The coat of arms of Clan Ó Comáin is a genuine heraldic design drawn from the Gaelic royal tradition and recognised through the office of the Chief. It carries the mermaid of Newhall Lake, the Irish harp, and the shamrocks of the clan's patron saint, Saint Commán — the three leaves of the shamrock representing the Holy Trinity in the Gaelic Christian tradition. None of this symbolism appears on the generic "family crest" products sold online under this surname.
Under the ancient Gaelic custom of clan arms, only registered members of Clan Ó Comáin are approved by the Chief to display the arms on personal items, stationery, jewellery and ceremonial objects. The arms belong to the clan; their use is a right extended by the Chief to those whose names are entered on the Register at Newhall House.

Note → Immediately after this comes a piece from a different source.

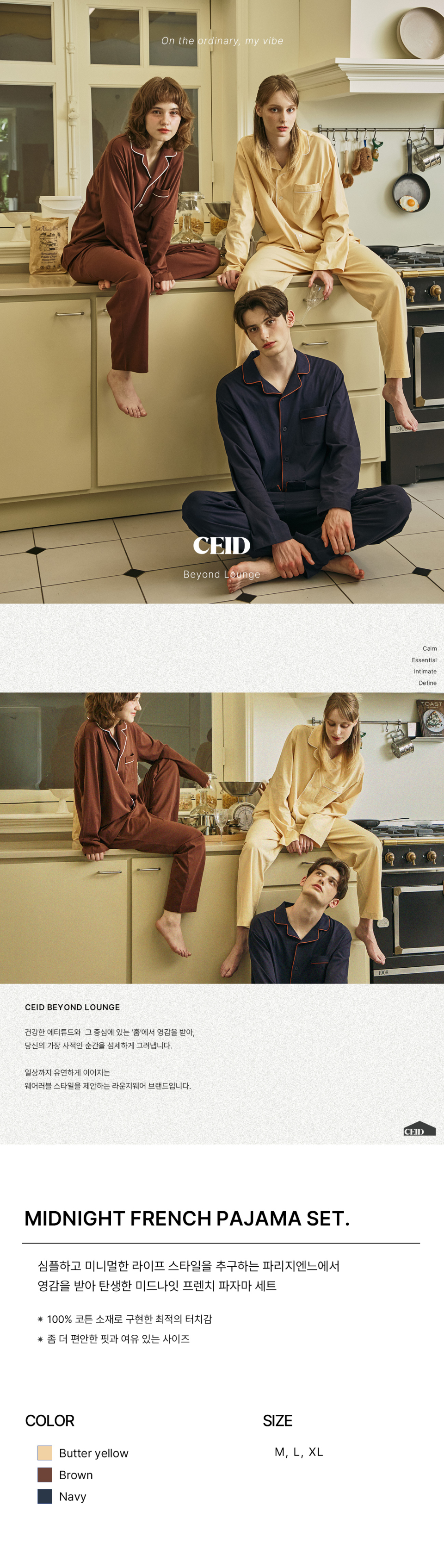 세이드(CEID)는 건강한 에티튜드와 그 중심에 있는 'HOME'에서 영감을 받아, 당신의 가장 사적인 순간을 섬세하게 그려내며, 일상까지 유연하게 이어지는 웨어러블 스타일을 제안하는 라운지웨어 브랜드입니다.

The Hurley surname in Ireland has at least three distinct Gaelic origins, a fact that has caused genealogical confusion for almost two centuries. Most Hurley families descend from the native Clare and Cork surnames Ó hUirthile or Ó Muirthile — genuinely ancient Gaelic lines of their own, unrelated to the Ó Comáin family. But a significant minority of Hurley families, particularly in specific parishes of north Clare and west Cork, carry a surname that was originally Ó Comáin — recorded as Hurley by priests and civil clerks who mistakenly believed the Irish name derived from camán, the word for a hurling stick.

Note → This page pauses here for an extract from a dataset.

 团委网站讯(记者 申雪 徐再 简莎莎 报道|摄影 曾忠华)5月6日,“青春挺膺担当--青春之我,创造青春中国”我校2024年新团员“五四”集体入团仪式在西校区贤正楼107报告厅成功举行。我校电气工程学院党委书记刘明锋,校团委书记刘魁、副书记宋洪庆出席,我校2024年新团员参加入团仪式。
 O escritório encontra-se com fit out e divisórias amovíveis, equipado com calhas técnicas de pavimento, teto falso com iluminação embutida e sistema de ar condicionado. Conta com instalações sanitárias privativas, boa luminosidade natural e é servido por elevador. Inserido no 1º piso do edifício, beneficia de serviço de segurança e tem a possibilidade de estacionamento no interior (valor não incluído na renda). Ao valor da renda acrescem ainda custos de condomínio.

This phenomenon — known in Irish genealogy as pseudo-translation — was documented with care in the 20th century by the Chief Herald of Ireland. For the Hurley families affected, it has meant four or five generations of separation from their true documented lineage: a Gaelic royal line with a surviving clan, a chiefdom in the Burren, an ancestral stone fort at Cahercommane, and an official seat at Newhall House, County Clare.
If your Hurley family comes from Clare or Cork — particularly from around Killone, Kilmihil, or the Burren — there is a real possibility your name was originally Ó Comáin. The paper record was changed. The blood line was not.

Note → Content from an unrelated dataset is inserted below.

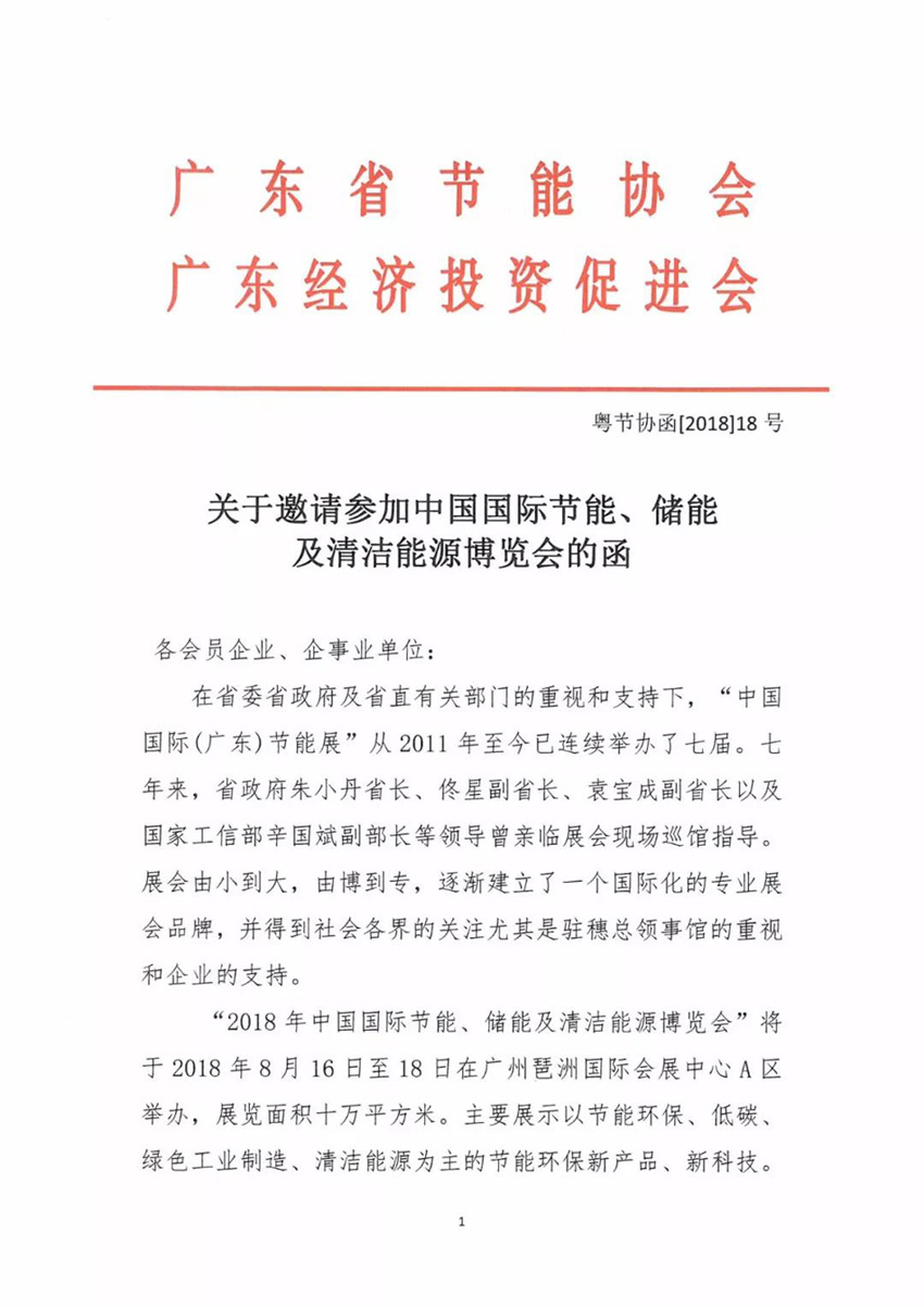 【導讀】關(guān)于邀請參加中國國際節(jié)能、儲能 及清潔能源博覽會的函。

Beyond the Uí Maine royal line in Connacht, the name Comán enters the historical record through another commanding figure: King Suibne mac Comáin of the Déisi Muman (the Déisi of Munster), who died in 658 AD. His entry in the Annals of Ulster places the lineage of Ó Comáin among the ruling kindreds of a distinct early medieval Gaelic kingdom within Munster. His son, Congal mac Suibne, who also held the kingship of the Déisi, died in 701 AD.
The Déisi Muman were not the provincial monarchs of Munster — that title was held by overlord dynasties such as the Eóganachta and, later, the Dál gCais. The Déisi Muman were a distinct kingdom within Munster, with their own territory, their own kings, and a political weight substantial enough to appear repeatedly in the primary sources. Whether the Suibne mac Comáin of the Déisi Muman and the Coman of the Uí Maine royal line in Connacht represent one connected family or two independent lineages sharing the same personal name remains an open scholarly question — both traditions are presented on the clan pedigree honestly.
The origin of the Déisi Muman as a people is itself preserved in medieval Irish literature. The Old Irish narrative The Expulsion of the Déisi (Indarba na nDéisi) records that the kindred was forced out of the Tara region of Leinster — following a dispute during the reign of the High King Cormac mac Airt — and eventually settled in Munster, where they formed an alliance with the Eóganachta to secure their territory. This is the political background from which Suibne's kingship was later exercised.
Further evidence for the Comáin family's extent is preserved in the Annals of Inisfallen, which record the death of Colmán mac Comáin on the Aran Islands in 751 AD — described in the martyrology Félire Óengusso as a bishop of Munster and one of the four sages of Ireland. His probable brother, Célechair mac Commáin, was killed at the battle of Corcu Modruad in 705 AD. D. Blair Gibson, in From Chiefdom to State in Early Ireland (Cambridge University Press, 2012), proposed that the Aran Islands may have fallen within the territory of the Chiefdom of Tulach Commáin itself. Claire Cotter, in the Discovery Programme's Western Stone Forts Project monograph (2012), separately suggests that the brothers' father may have held the chiefship — the sub-king Commán after whom Cahercommane is named. Whether the chiefdom belonged within the Déisi Muman political sphere — as the documented kingship of Suibne mac Comáin over the Déisi Muman would suggest — or within a distinct Uí Fidgeinti sub-lineage as Cotter proposes, remains part of the open scholarly discussion presented on the clan pedigree. Suibne mac Comáin is further referenced in the Déisi Genealogies, in Rawlinson B 502, and in the great medieval manuscript compilations of Irish genealogy — the Book of Lecan and the Book of Leinster — establishing the figure firmly within the primary sources of Gaelic historical record.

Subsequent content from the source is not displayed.